James McCord

About James McCord

James Walter McCord, Jr. (born July 26, 1924 in Waurika, Oklahoma) was the electronics expert involved in two break-ins of the Watergate complex. McCord was also a former CIA agent. He and four other accomplices, Frank Sturgis, Virgilio Gonzalez, Eugenio Martinez and Bernard Barker, were arrested during the second break-in, which ignited the Watergate scandal. He attended Baylor University and was a graduate of George Washington University. He was interviewed and then hired by Jack Caulfield in January 1972 "for strict, solely defensive security work at the Republican National Committee and the Committee to Re-Elect the President (CRP)". One of the first men convicted in the Watergate criminal trial, McCord led the June 17, 1972 early-morning burglary of the Democratic National Committee's headquarters at the Watergate office building in Washington, D.C.. He was convicted on eight counts of conspiracy, burglary and wiretapping.
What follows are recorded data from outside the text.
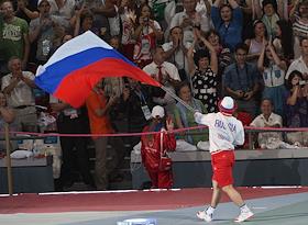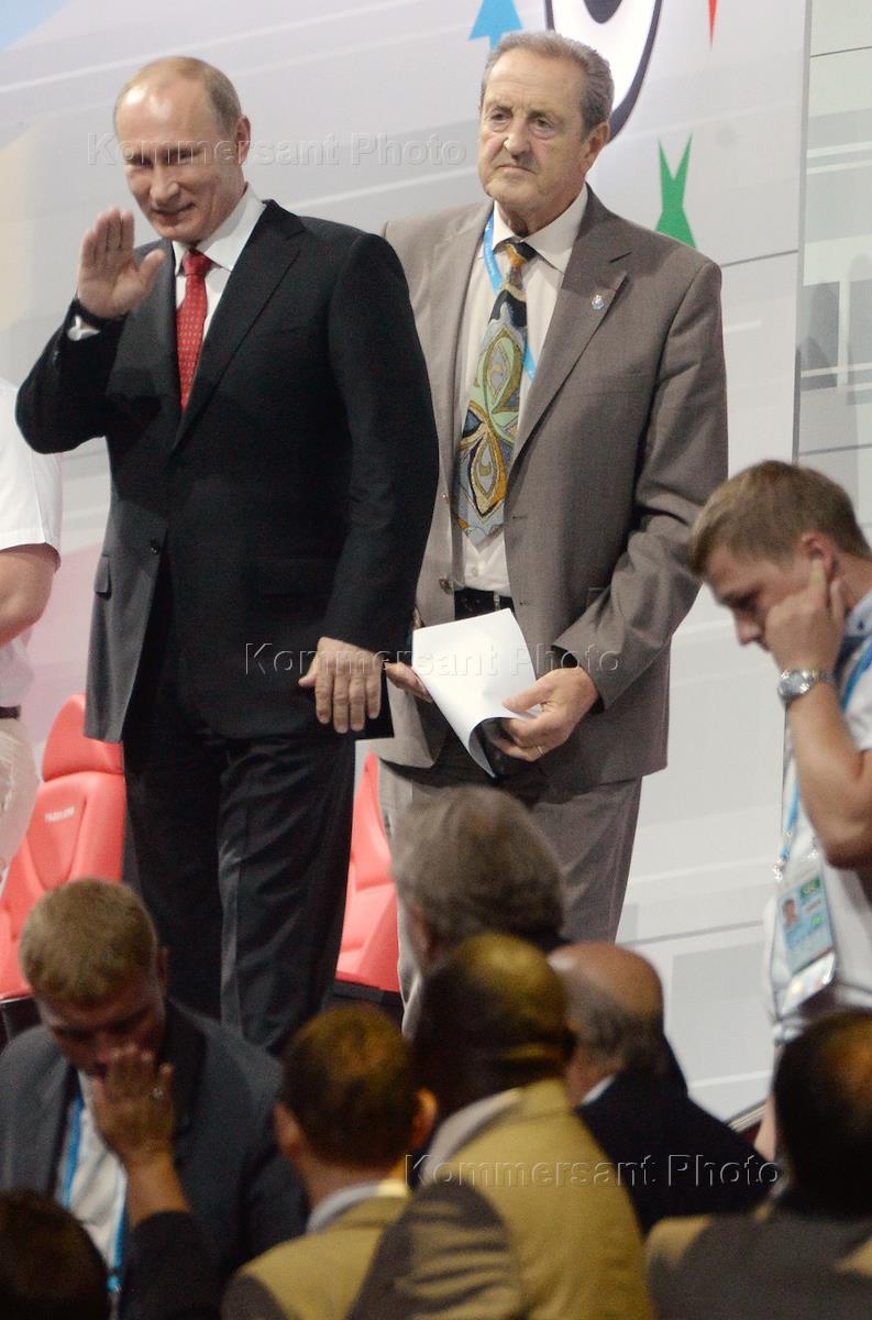 Президент Международной федерации студенческого спорта (ФИСУ) Клод-Луи Галльен (слева) и президент России Владимир Путин (справа) на церемонии открытия XXVII Всемирной летней Универсиады 2013 на стадионе "Казань Арена".
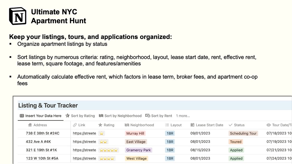 Notion Template: Ultimate NYC Apartment Hunt (or any city!)
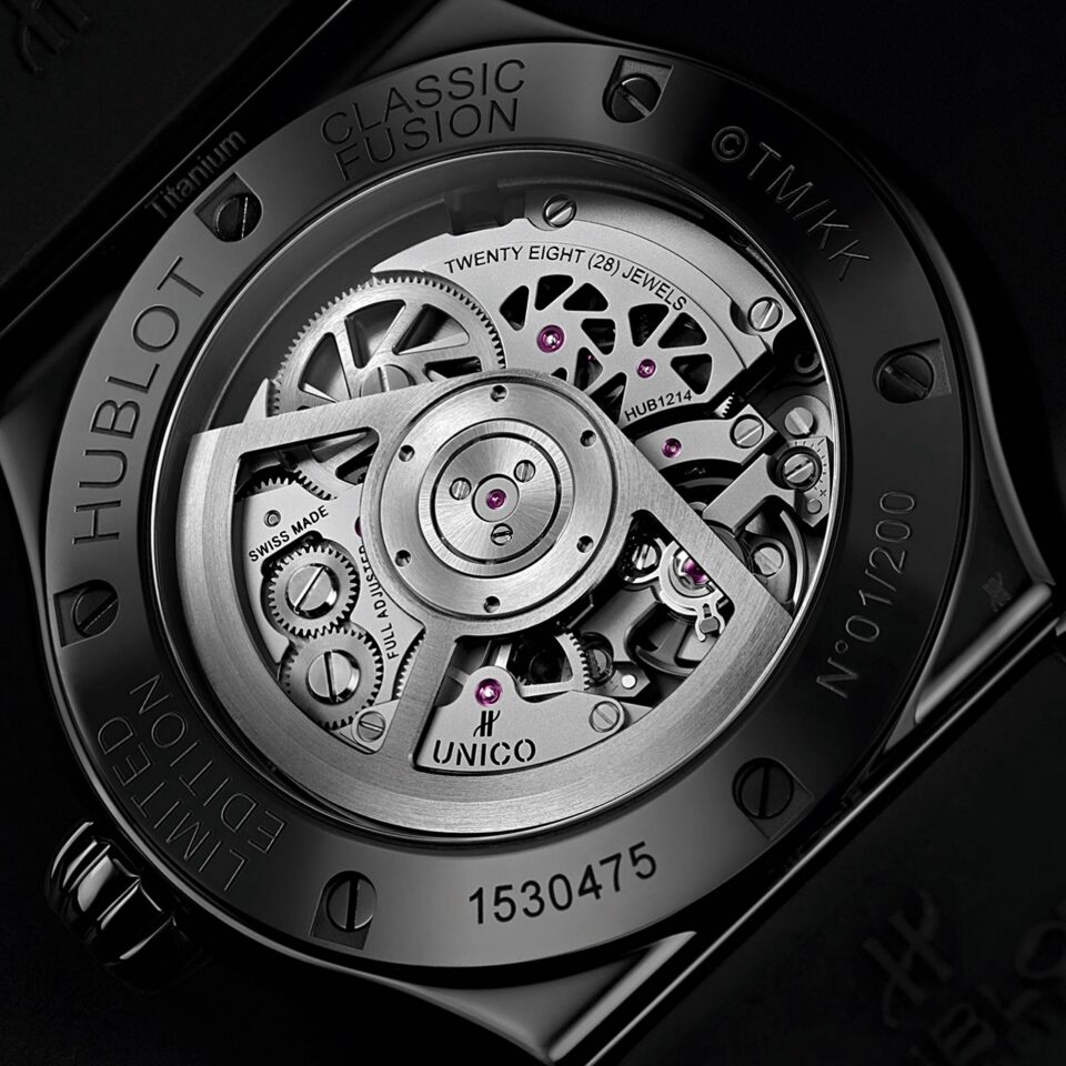 ฝาหลัง Ceramic สีดำ สลักหมายเลขประจำเรือน XXX/200 และตัวอักษร ©TM/KK ผนึกด้วยกระจก Sapphire โชว์การทำงานของกลไก Automatic In-House Cal.MHUB1214 UNICO ความถี่ 28,800 ครั้ง/ชั่วโมง สำรองพลังงาน 72 ชั่วโมง ใช้ Silicon Escapement และขัดแต่งกลไกด้วยเทคนิค Sandblast
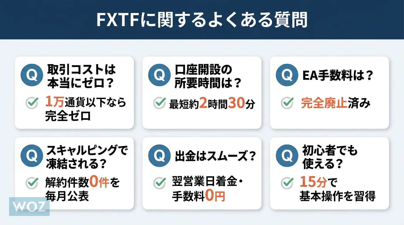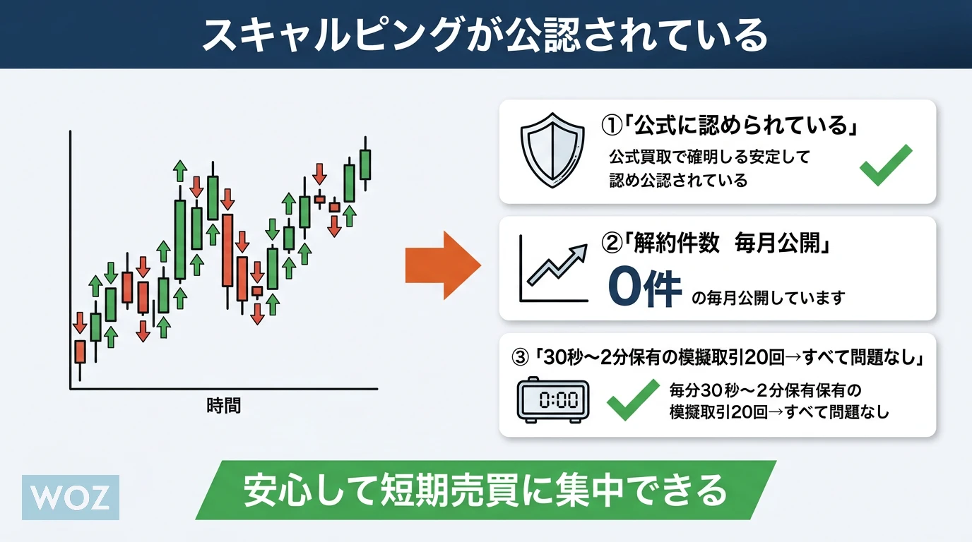 さらに注目すべきは、FXTFが「スキャルピングによる解約状況の透明化」を宣言していること。毎月、スキャルピングが原因で解約された件数を公式サイトで公開しており、その件数は継続してゼロと報告されています。この透明性の高さは、トレーダーが安心して短期売買に集中できる大きな根拠となっています。
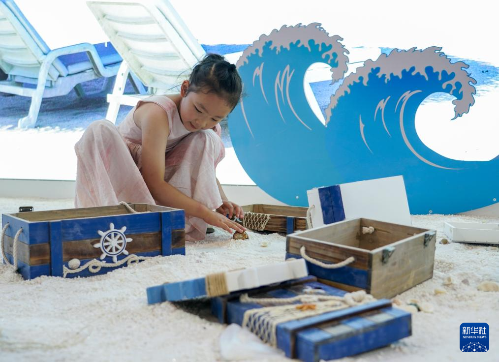 7月26日,在第八屆南博會南亞館,一名小朋友在馬爾代夫展區(qū)玩耍。
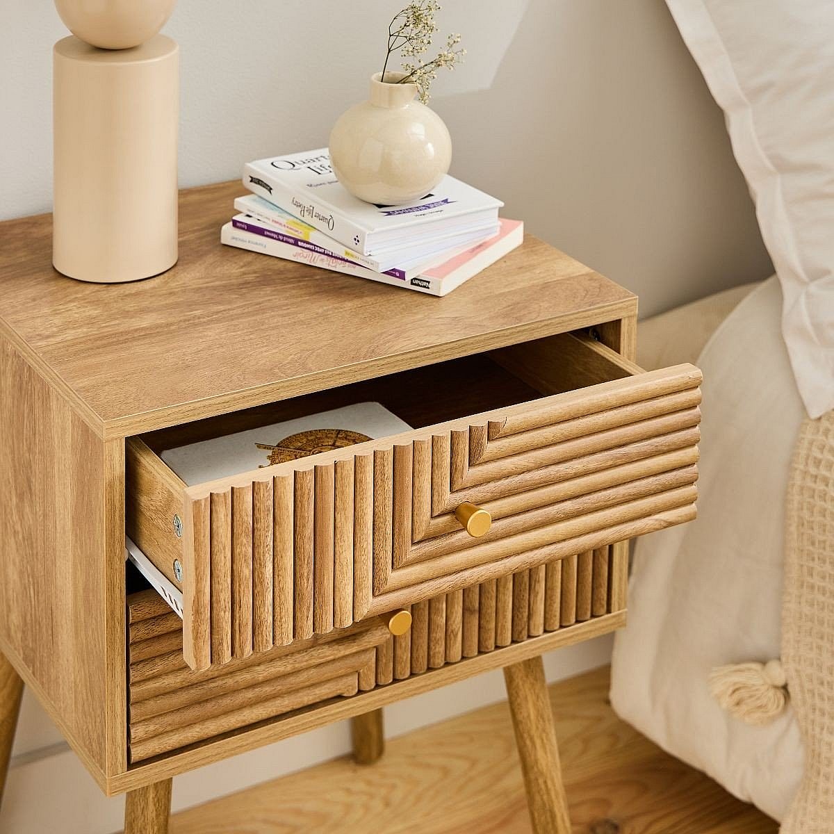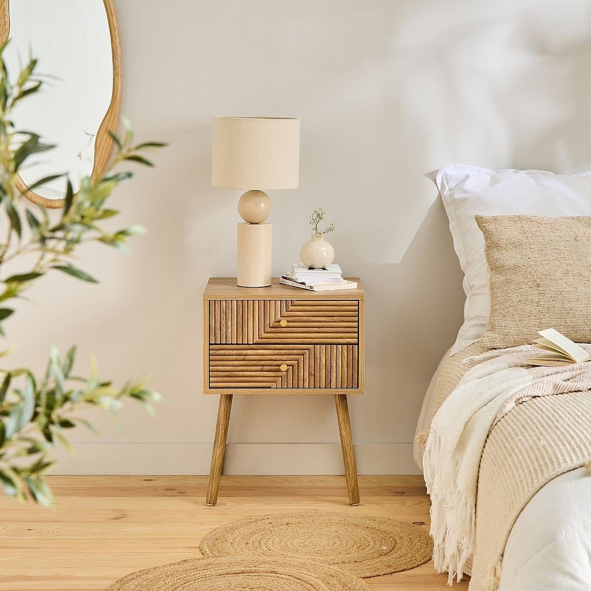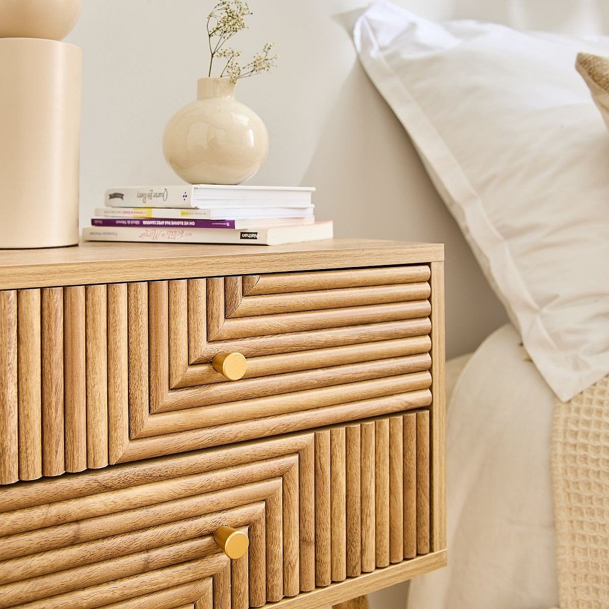 Chevet 2 tiroirs avec façades lamellées EDEN
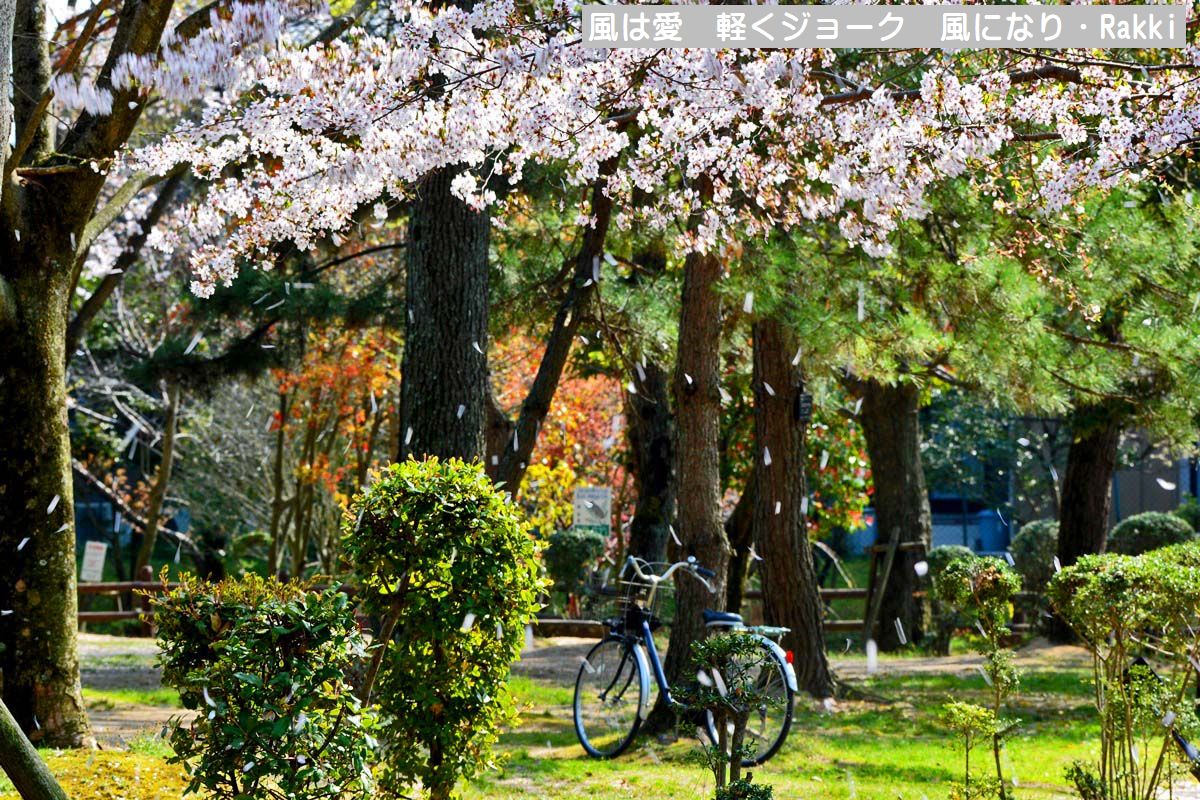 忘れられたような自転車に桜吹雪がカメラうを笑ってる

He later wrote a letter to U.S. District Judge John Sirica stating that his plea and testimony, some of which he claimed was perjured, were compelled by pressure from White House counsel John Dean and former Attorney General John N. Mitchell. His letter set off the Watergate scandal in earnest by implicating many higher-ups in the Richard Nixon administration for covering up the conspiracy that led to the burglary.